I know you're a grown up and all, just throwing in my .02 cents. No hate here.

I always shake my head when I see "5:30" or "6:00pm" on these rides, when all some poor 9-5 shlub wants to do is get home to his/her family and *we're* out there "asserting our rights".

end of 2 cents.  that is all.

have fun!


----------



## thedips (Mar 26, 2007)

Hollywood said:


> I know you're a grown up and all, just throwing in my .02 cents. No hate here.
> 
> I always shake my head when I see "5:30" or "6:00pm" on these rides, when all some poor 9-5 shlub wants to do is get home to his/her family and *we're* out there "asserting our rights".
> 
> ...



point taken! yeah i totally understand that... yeah actually alot of that typing came from waking up on an empty stomach and checking RBF... dont have work till later on in the afternoon... 

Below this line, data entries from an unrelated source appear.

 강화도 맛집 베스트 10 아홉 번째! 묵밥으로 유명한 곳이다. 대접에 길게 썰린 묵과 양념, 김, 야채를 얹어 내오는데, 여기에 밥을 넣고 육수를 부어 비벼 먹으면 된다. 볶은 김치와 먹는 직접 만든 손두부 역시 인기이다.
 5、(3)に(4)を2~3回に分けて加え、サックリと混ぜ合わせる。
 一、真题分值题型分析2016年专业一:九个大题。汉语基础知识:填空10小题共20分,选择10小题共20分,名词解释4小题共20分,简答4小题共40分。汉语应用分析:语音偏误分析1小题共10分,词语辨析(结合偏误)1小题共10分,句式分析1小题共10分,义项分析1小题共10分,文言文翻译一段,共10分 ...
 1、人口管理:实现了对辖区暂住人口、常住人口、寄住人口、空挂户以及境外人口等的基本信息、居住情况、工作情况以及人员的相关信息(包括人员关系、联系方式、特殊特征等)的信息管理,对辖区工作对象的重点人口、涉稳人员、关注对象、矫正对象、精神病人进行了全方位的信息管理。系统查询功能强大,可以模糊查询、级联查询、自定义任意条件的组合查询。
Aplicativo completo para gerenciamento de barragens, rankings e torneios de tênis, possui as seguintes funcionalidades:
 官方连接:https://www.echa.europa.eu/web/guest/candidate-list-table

and honestly i know we are talking about CRITICAL MASS here.. those two simple words alone garner enough controversy and debate in its own right...


----------



## roadfix (Jun 20, 2006)

I'll just sit in the back of the pack and draft.


----------



## onegiant (Oct 8, 2007)

Don't know if many ppl will show up anyway, due to the bad air quality. Been in Costa Mesa these pass 2 days, and the air is just horrid.


----------



## thedips (Mar 26, 2007)

good ride i counted roughly 120-140 ish at the start of the ride... great turn out.. police support great ride,


----------



## Hollywood (Jan 16, 2003)

thedips said:


> good ride i counted roughly 120-140 ish at the start of the ride... great turn out.. police support great ride,


good to hear, sounds like y'all did it right.

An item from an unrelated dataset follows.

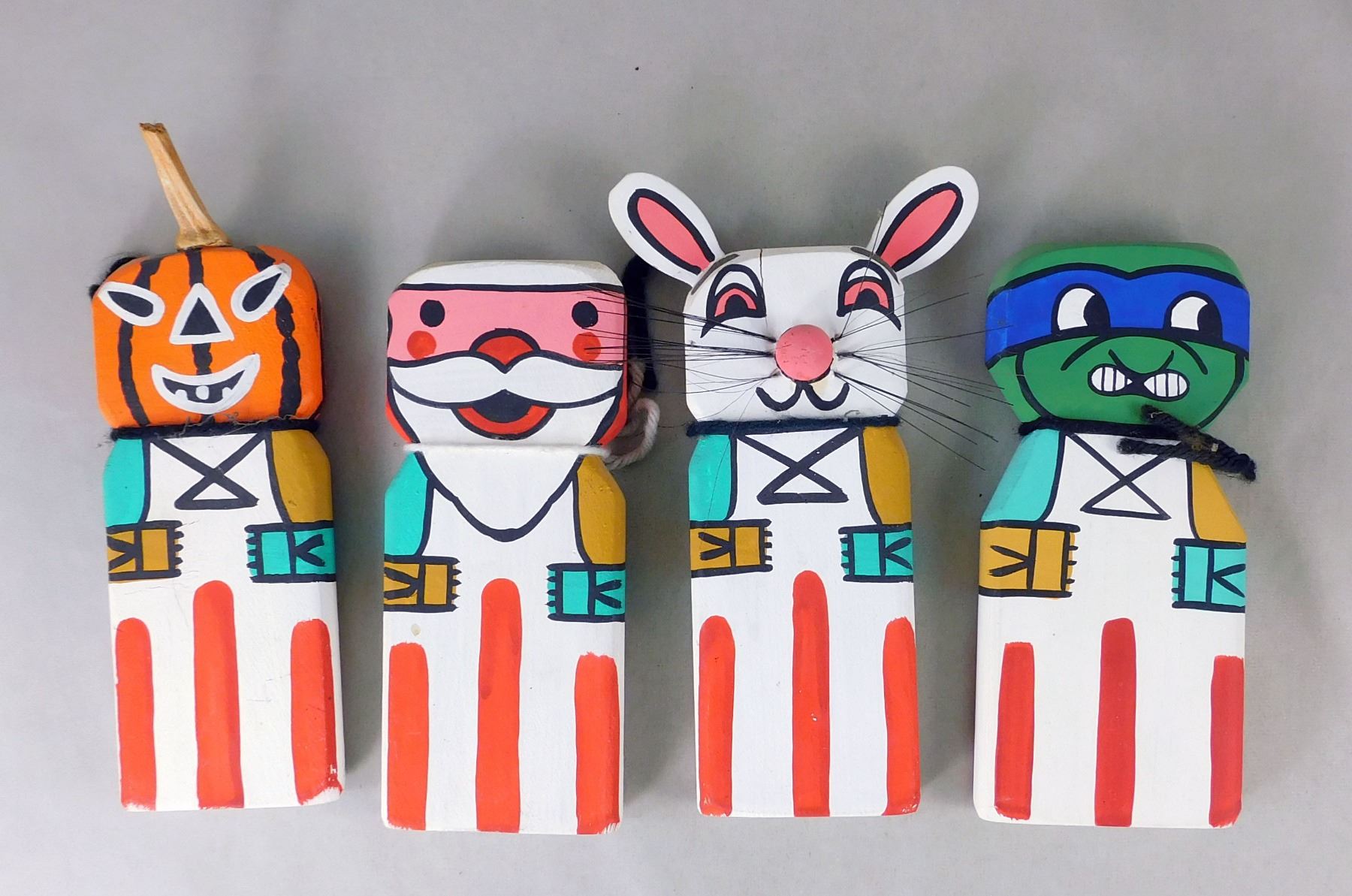 Great Pumpkin, Easter Bunny, Santa, Ninja Turtle, 6" tall.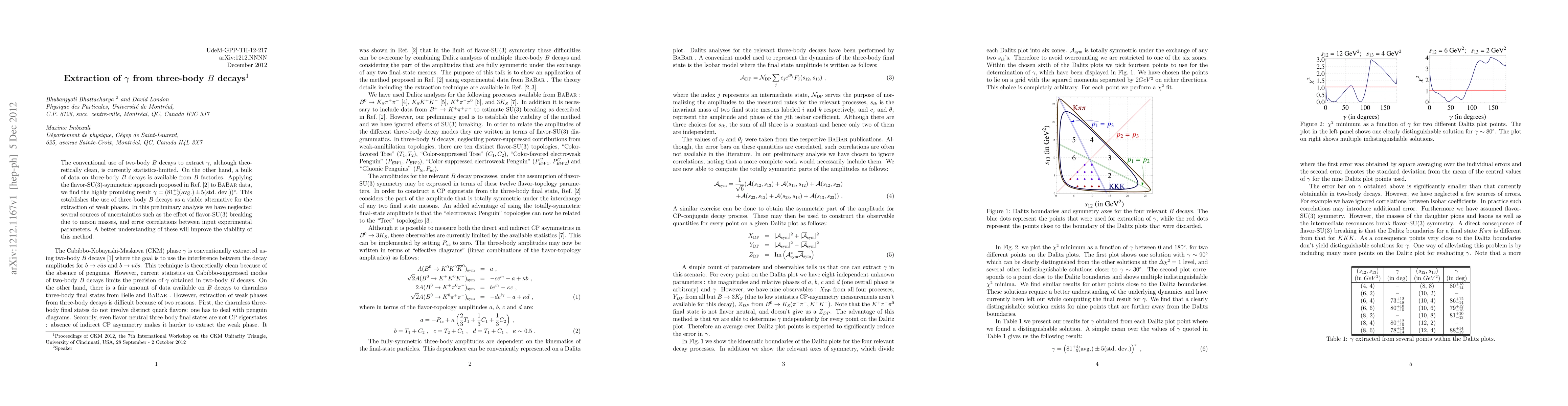 Researchers successfully extracted the weak phase gamma using three-body B decays for the first time, achieving a promising result with an average value of 81 degrees and a standard deviation of 5 degrees.

this article came out Thurs. in the L.A. Weekly

http://www.laweekly.com/news/news/bike-dislike/17548/ 

guess I'd better keep the volume down...


----------



## thedips (Mar 26, 2007)

Hollywood said:


> good to hear, sounds like y'all did it right.
> 
> this article came out Thurs. in the L.A. Weekly
> 
> ...



that is exactly why i never go to that one....i live in the 310 area code but make my drive all the way out to orange county to ride... 

sm looks like madness, and seems to do more harm and then the focus isnt about riding anymore..


----------